- [Collected data]
((
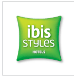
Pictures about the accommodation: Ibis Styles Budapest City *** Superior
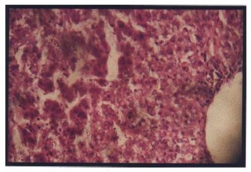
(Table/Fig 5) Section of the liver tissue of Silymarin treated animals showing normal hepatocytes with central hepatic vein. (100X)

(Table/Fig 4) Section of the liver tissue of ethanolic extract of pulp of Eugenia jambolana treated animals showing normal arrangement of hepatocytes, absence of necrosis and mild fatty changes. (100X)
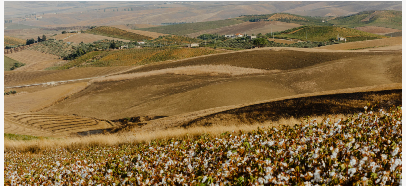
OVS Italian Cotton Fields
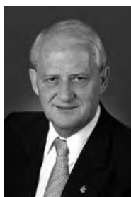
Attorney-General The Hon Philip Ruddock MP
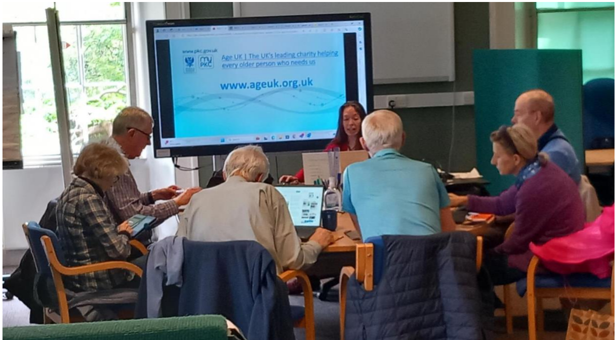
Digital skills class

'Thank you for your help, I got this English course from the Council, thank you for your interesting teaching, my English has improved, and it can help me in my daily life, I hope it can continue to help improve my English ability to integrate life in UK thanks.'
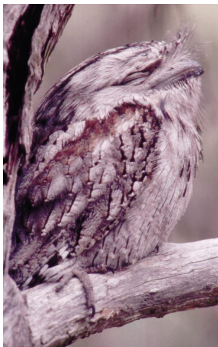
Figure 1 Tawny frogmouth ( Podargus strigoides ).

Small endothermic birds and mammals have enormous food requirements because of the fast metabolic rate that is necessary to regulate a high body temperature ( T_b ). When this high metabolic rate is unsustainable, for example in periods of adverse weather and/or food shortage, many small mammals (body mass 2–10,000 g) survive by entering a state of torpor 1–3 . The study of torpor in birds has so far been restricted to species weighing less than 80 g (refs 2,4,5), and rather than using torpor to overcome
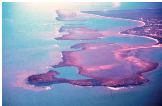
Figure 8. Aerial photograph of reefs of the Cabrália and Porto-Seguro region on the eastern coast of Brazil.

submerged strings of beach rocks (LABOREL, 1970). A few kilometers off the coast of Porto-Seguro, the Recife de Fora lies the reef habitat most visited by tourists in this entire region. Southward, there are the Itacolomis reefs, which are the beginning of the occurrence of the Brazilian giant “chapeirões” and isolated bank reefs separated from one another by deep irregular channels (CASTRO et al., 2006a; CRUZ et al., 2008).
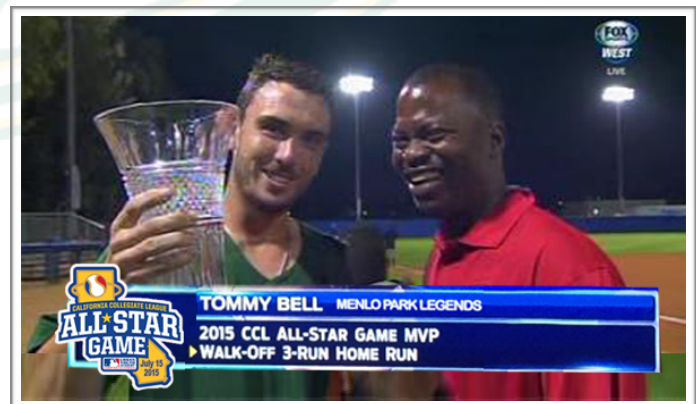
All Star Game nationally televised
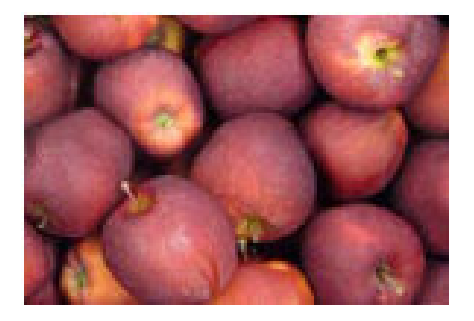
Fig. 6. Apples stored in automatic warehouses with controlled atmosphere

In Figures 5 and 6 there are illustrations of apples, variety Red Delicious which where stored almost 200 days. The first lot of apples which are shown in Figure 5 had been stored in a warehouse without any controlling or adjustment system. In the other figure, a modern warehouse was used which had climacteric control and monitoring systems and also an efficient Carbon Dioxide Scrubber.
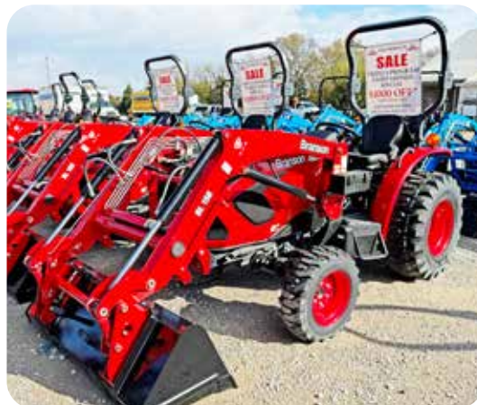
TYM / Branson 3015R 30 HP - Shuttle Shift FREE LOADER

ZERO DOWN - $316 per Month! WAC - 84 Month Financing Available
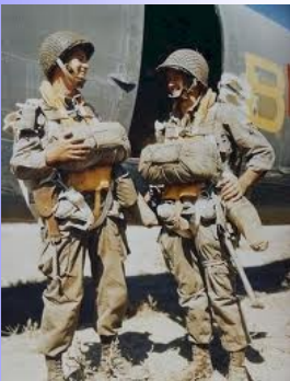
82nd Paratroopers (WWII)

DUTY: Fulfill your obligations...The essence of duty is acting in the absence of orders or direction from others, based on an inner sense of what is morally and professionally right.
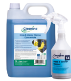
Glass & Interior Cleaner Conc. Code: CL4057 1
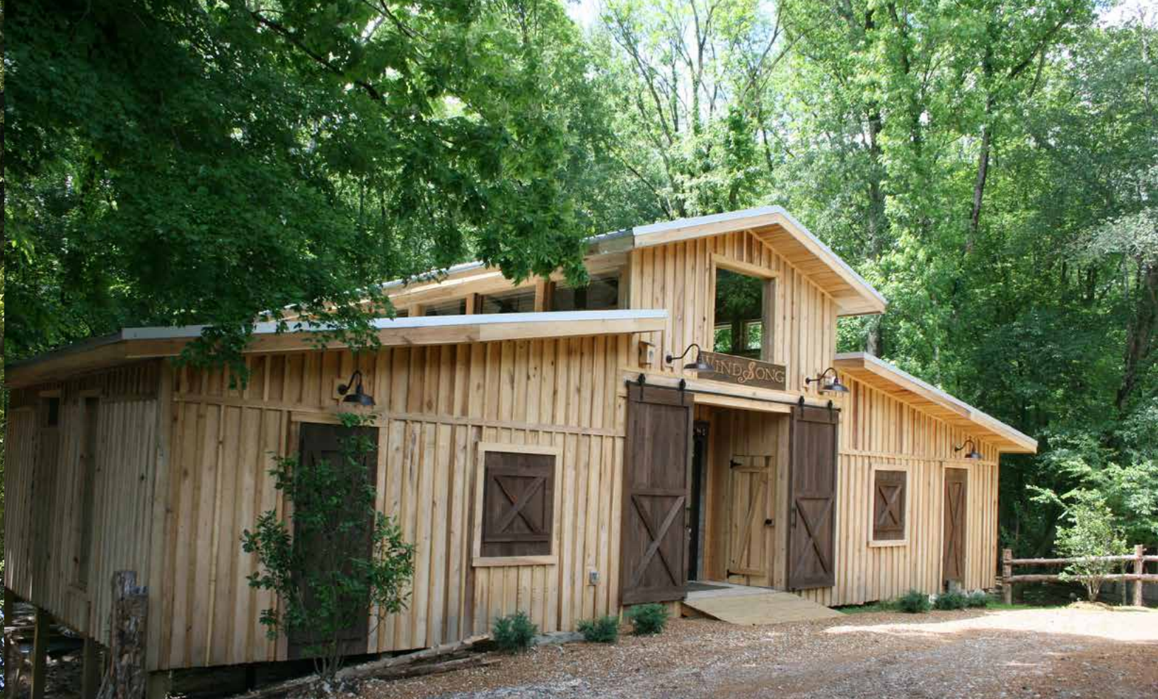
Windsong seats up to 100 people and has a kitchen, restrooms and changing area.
))
((
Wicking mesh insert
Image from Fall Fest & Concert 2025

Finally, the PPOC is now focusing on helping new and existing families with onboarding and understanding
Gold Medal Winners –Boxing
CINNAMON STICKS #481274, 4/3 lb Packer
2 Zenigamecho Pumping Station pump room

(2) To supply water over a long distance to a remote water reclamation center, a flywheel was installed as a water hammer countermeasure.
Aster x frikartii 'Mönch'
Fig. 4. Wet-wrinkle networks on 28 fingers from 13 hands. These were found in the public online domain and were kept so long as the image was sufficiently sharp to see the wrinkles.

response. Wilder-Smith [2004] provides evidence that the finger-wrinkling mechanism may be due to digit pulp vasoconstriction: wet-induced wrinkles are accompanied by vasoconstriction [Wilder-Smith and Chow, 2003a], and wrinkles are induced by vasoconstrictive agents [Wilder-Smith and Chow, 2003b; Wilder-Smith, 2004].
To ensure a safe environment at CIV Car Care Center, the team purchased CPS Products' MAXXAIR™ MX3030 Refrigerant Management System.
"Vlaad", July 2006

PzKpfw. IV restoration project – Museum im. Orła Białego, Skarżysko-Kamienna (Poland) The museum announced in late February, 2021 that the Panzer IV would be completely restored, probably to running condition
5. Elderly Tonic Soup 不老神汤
))
- [ASSIGNMENT]
The copy should hold exactly the lines above from the one with "submerged strings of" through the one with "Fig. 6. Apples", both ends counted, and no pictures at all.

- [RESULT FOR THIS EXERCISE]
submerged strings of beach rocks (LABOREL, 1970). A few kilometers off the coast of Porto-Seguro, the Recife de Fora lies the reef habitat most visited by tourists in this entire region. Southward, there are the Itacolomis reefs, which are the beginning of the occurrence of the Brazilian giant “chapeirões” and isolated bank reefs separated from one another by deep irregular channels (CASTRO et al., 2006a; CRUZ et al., 2008).
All Star Game nationally televised
Fig. 6. Apples stored in automatic warehouses with controlled atmosphere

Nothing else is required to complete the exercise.